Ольга Егорова - Между двух огней
Ей даже в голову не приходило посмотреть в зеркало заднего вида. Она так и не заметила, что на всем протяжении пути, до самого дома, соблюдая дистанцию, за ними ехала чья-то машина.
Эту машину заметил водитель, но и он не стал придавать значения этому обстоятельству.
Маршрут нередко оказывается общим на таком коротком отрезке пути.
* * *Как и обещала, она позвонила Павлу сразу же, как только приехала.
Как и обещала, выпила большую чашку горячего чая с медом. Высыпала из пластмассового тюбика горсть круглых желтых таблеток и проглотила сразу штук двадцать – для верности. Надела пушистые и колючие шерстяные носки, теплый махровый халат, высушила феном волосы. Отчиталась перед мужем и получила в ответ одобрительное:
– Умница, девочка.
Он обещал приехать, как только освободится. Голос был лишь чуточку взволнованным.
Закончив разговор, Инга долго пыталась понять, что сейчас чувствует. Хочет или не хочет видеть мужа? Получалось, что хочет и не хочет одновременно. Привычное состояние, которое вызывало в душе уже не раздражение, а чувство апатии.
До прихода Павла у нее еще было время. Наивно было бы полагать, что за эти несколько часов она сумеет наконец разобраться в себе и хоть что-то понять.
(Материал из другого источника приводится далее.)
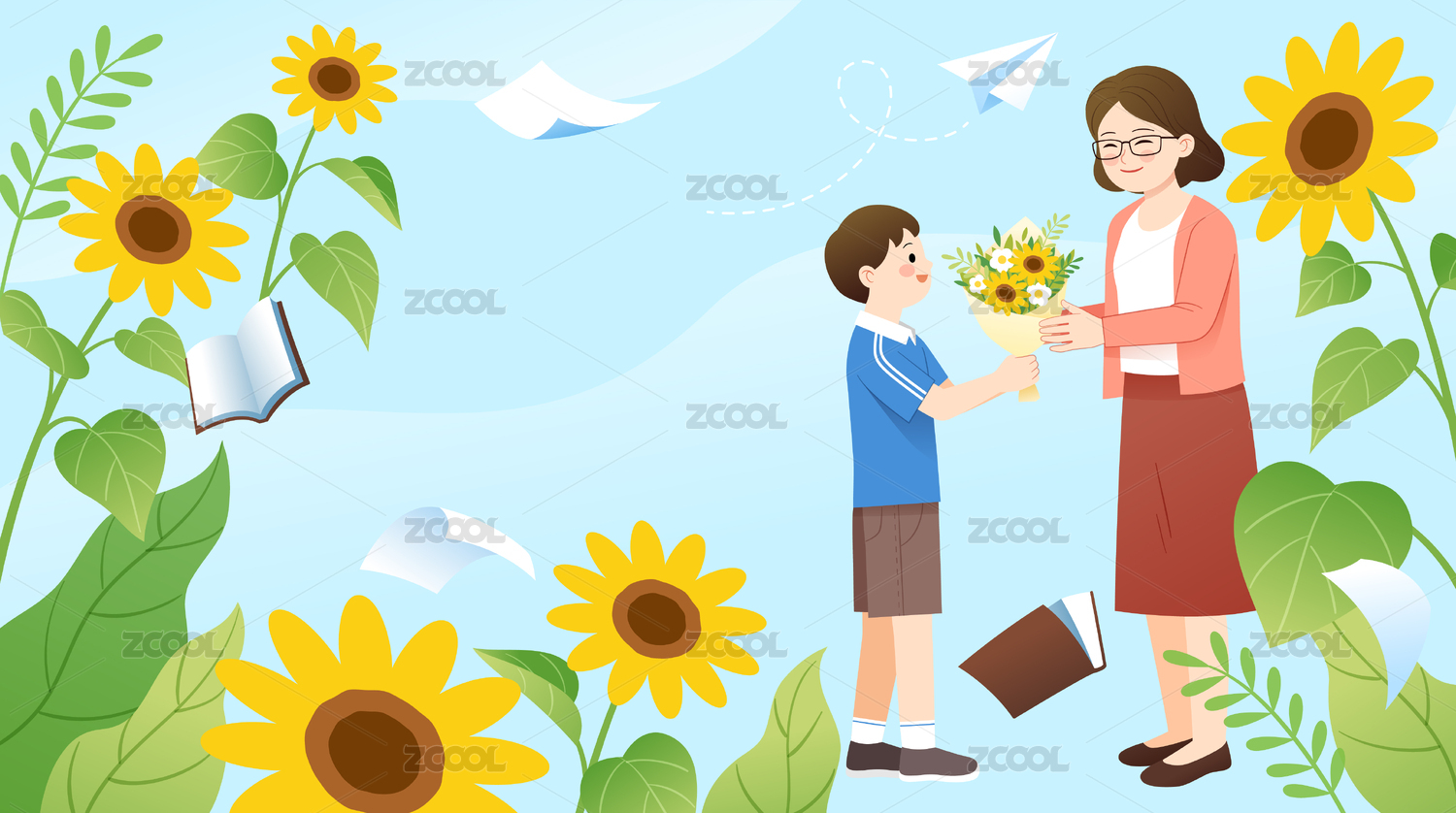 一名學生給老師獻花和向日葵背景橫版

Будь у нее в запасе хоть сто лет – вопрос, на который она пытается найти ответ, ответа скорее всего просто не предполагает.
Он – риторический.
Она вспомнила старичков, под проливным дождем ведущих горячий спор о первичности бытия и сознания, и хмуро улыбнулась. Вот и она сейчас примерно в том же самом положении.
Дожидаясь Павла с работы, Инга неторопливо занималась уборкой. Чем лежать пластом на диване и тратить время на бесполезные раздумья, лучше уж заняться чем-нибудь полезным. Хотя от мыслей все равно никуда не денешься. Они бродят в голове, жужжат назойливыми мухами, копошатся и суетятся, как муравьи.
При этом еще спорят друг с другом. Иногда даже дерутся…
В окно по-прежнему барабанил дождь, напоминая о том, что случилось совсем недавно. И губы, покрытые микроскопическими ссадинами, горели огнем. И щеки пылали, как будто с мороза. Может быть, Павел был прав, и она на самом деле простудилась. Если к вечеру у нее поднимется температура – наверняка он станет ворчать, растолковывай ей всю степень ее неосмотрительности. Будет сидеть рядом, гладить по голове, то и дело прикладывая губы к пылающему лбу, время от времени засовывать градусник под мышку, кормить ее аспирином и медом. Отпаивать горячим чаем, и непременно в бокале будет плавать тонкая долька лимона. Заставит обязательно съесть кожуру, потому что в ней содержатся какие-то особо опасные для простудного вируса вещества. И не ляжет спать до тех пор, пока не убедится, что температура у Инги упала, дыхание успокоилось. А утром напомнит ей, что не стоило выходить из дома в такую погоду. И скажет – видишь, к чему это может привести…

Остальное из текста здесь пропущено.